顧客リスト獲得が主目的である展示会の運営中において、運営担当者の最大の関心事は「現在の集客ペースで目標を達成できるかどうか」ということでしょう。ある時点で達成ペースであると判断できれば、その瞬間に運営担当者の肩の荷が下りたも同然です。集客が達成ペースであれば、それを崩さないよう運営することはそれほど難しくないからです。逆に達成ペースでなければ対策を講じなければなりません。
達成ペースからどのくらい乖離しているかによって、対策にかけるウェイトも変わってきます。

今回は、展示会期中の集客状況が達成ペースにあるか、そうでないかを見極める方法について紹介したいと思います。

初日に集客ペースを見極めるためには?

展示会の集客目標を達成できるペースかどうかの見極めは、早ければ早いほど望ましいことは言うまでもありません。なぜなら、実施できる対策数を増やし、対策の効果が影響する時間を長くできるからです。ちょっとした対策でも、初日と最終日に実施するのでは大きな差となって結果に現れます。

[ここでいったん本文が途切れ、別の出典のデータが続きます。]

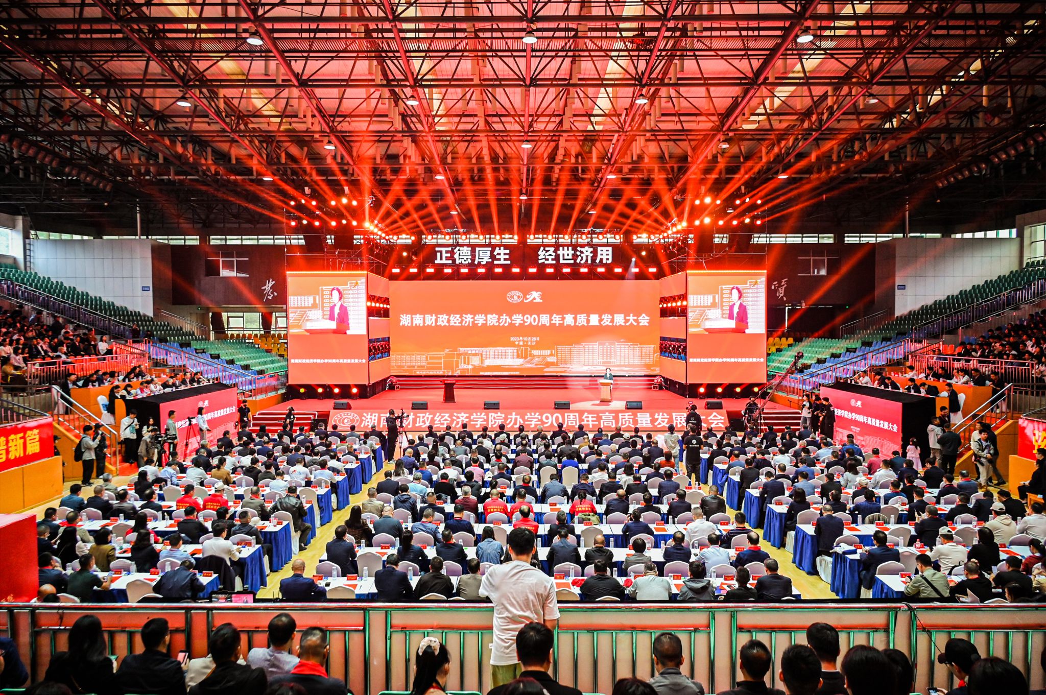 (本网讯)九十载倍道兼程,沐雨经霜;九十载渊源接续,薪火相传。10月28日,学校办学90周年高质量发展大会在主校区体育馆主馆隆重召开。

とはいえ、展示会の早い段階で集客ペースを見極めることは簡単ではありません。正確に見極めるためには、過去の展示会の集客状況を記録し、振り返っておくことが望ましいです。同じ展示会、同じ目的(ブースでの目標が商談なのか、または見込顧客リストの収集なのか、など)なら、過去の集客状況はとても参考になります。その際、「展示会名」や「出展小間位置」などに加え、「実施した施策(配布したノベルティやブースでのミニセミナーなど)」「施策の評価」「展示会全体の来場者数」「当日の天気」なども記録しておくといいでしょう。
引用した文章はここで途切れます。